Invited Session Speakers - Statistical Methods for Medical Studies
- Rhonda Bacher
- Assistant Professor, Department of Biostatistics, University of Florida
- Title: Using R/Shiny for visualizations of DNA methylation and nucleosome occupancy in single-molecule and single-cell data
-
Abstract: Alterations in DNA methylation have been detected in nearly all cancer types. In addition, both cancer- and tissue-specific differences exist in nucleosome positioning and occupancy, as well as transcription factor binding activity, which together determine chromatin accessibility. Experiments able to simultaneously capture nucleosome occupancy and methylation states at single-molecule and single-cell resolution are now possible. We present an approach we call methylscaper, a framework implemented in R/Shiny to simultaneously visualize DNA methylation and nucleosome occupancy states from joint experiments. We demonstrate methylscaper’s ability to reveal biological patterns on both single-molecule and single-cell datasets.
- Rickey E. Carter
- Professor of Biostatistics, Department of Quantitative Health Sciences, Mayo clinic
- Title: Building a team during a pandemic: lessons learned from the United States Convalescent Plasma Expanded Access Program
- Abstract: In April 2020, the United States Convalescent Plasma Study initiated enrollment under a regulatory process known as expanded access.
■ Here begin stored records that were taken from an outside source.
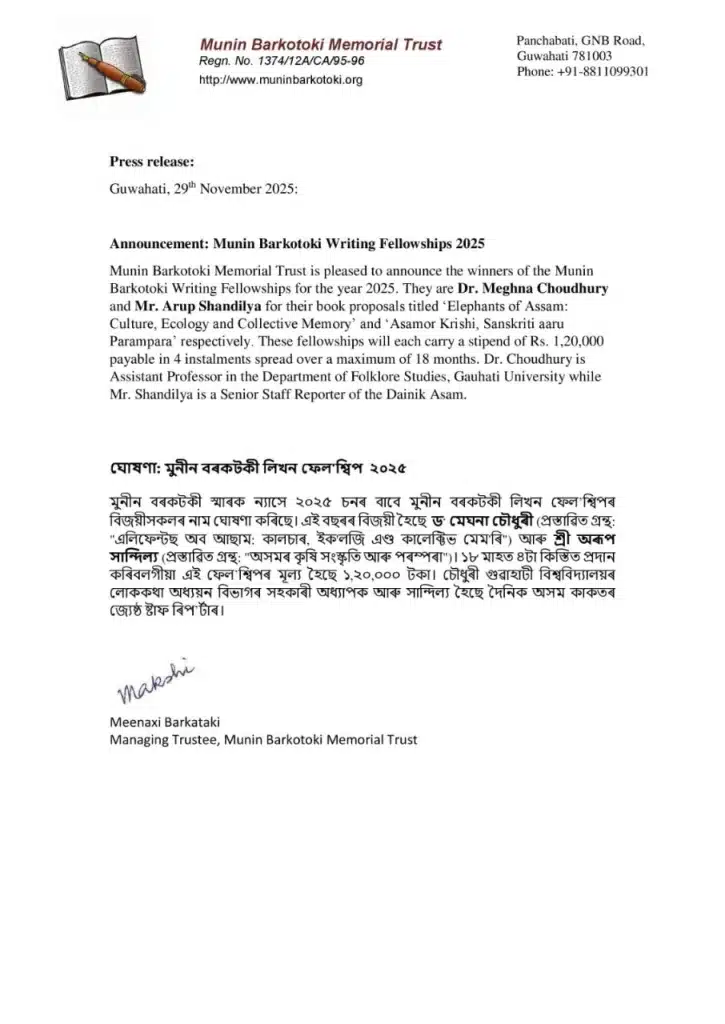 মুনীন বৰকটকী লিখন ফেল’শ্বিপ ২০২৫: ড০ মেঘনা চৌধুৰী আৰু অৰূপ শাণ্ডিল্যলৈ এই সন্মান
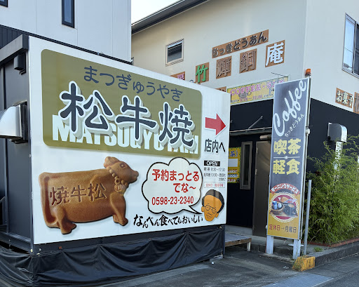 Read more松牛焼きを雑誌て拝見し、迷いながら伺いました。ランチもできるとのことでランチして松牛焼きを購入して帰りました。ランチはワンコインのブラックカレー(ピリ辛)と薬膳カレーを頼みました。大食い主人は、朝からイベントに行った先で色々購入し食べたのでカレー一つで大丈夫と言いましたが、ワンコインでも普通にちゃんと量はあり美味しかったです。カレー皿にポテトサラダと福神漬けが混ざらないようにアルミカップに入れたものを添えてくださって主人みたいに混ざると嫌な人には嬉しかったです。味見でブラックカレーを頂きましたが、美味しかったです。薬膳カレーはキーマカレーみたいに色々な薬膳がはいり癖もなく美味しいと思いました。ドリンクはプラス200円で付けれるのでアイスコーヒーをお願いしました。カレーにはオレンジが一切れついていて果物好きな私達は嬉しいと思いました。欲を言えば追加料金でサラダとか付けれればいいなぁと思いました。 松牛焼は焼いて置くものではないらしいです。なので店内飲食用にか一個、二個しかないらしく必要なのをお願いして焼いて頂けるのが出来立てを食べれて良いなと思いました。 あんバター、松阪牛いりの、今月のコーヒーの3種類を購入して帰りました。大きさは大と小がありわかりやすいように見本もありました。うちは中身をしっかり味わいたいので大をお願いしましたがボリュームがあり美味しったです。松阪牛のしぐれ煮は一番きたいしてなかったんですが、あまり生姜が効いてなく外と違和感なく食べれました。 牛肉の香りが口の中に広がり一番美味しったです。ペイペイ払いも可能でしたし、松牛焼きのみスタンプカードがあるの...
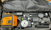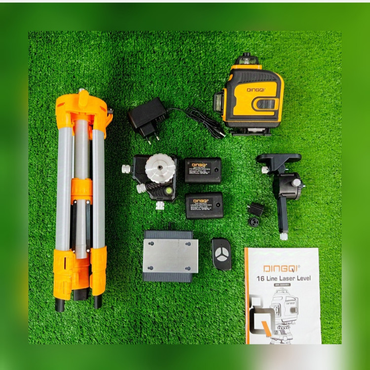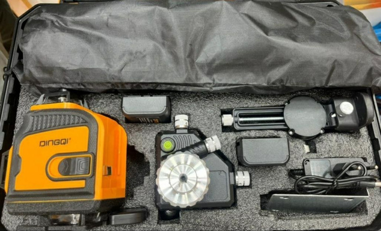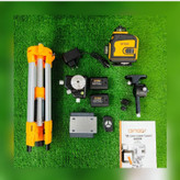 دارای تمامی وسایل همراه شامل کیف حمل، دو عدد باتری لیتیومی شارژی،پایه تراز سه حالته،ریموت،سه پایه

This real-world clinical trial allowed experimental access to convalescent plasma to obtain necessary safety and preliminary efficacy data on whether convalescent plasma could provide some signal for therapeutic benefit in the treatment of Covid-19. The scale of the study shifted from an initial sample size projection of 5,000 participants to over 100,000 participants over five months of enrollment prior to the issuance of the emergency use authorization in August 2020. In this presentation, lessons learned from this monumental undertaking will be shared focusing on the roles the statisticians and data scientists played during the study.
- Xiaoqing Yu
- Assistant professor, Department of Biostatistics and Bioinformatics, Moffitt Cancer center
- Title: Automatic single cell type identification using wide and deep learning
- Abstract: A deep understanding of the immune cells composition at the site of the tumor lesions is the key to the prediction of response to immune checkpoint blockages and the development of personalized immunotherapies. Identification of highly specific cell types is now possible with the development of single cell RNA-sequencing technology. However, the challenges in cell annotation in single cell RNA-sequencing are: 1) it heavily relies on the researchers’ knowledge on the cell-type-specific signature genes, and 2) the transcription profiles are difficult to transfer between different platforms. I will introduce a wide and deep learning framework my group has developed to automatically classify cells from scRNA-seq data. I will discuss how wide and deep learning tackled the above challenges and lesions we have learned.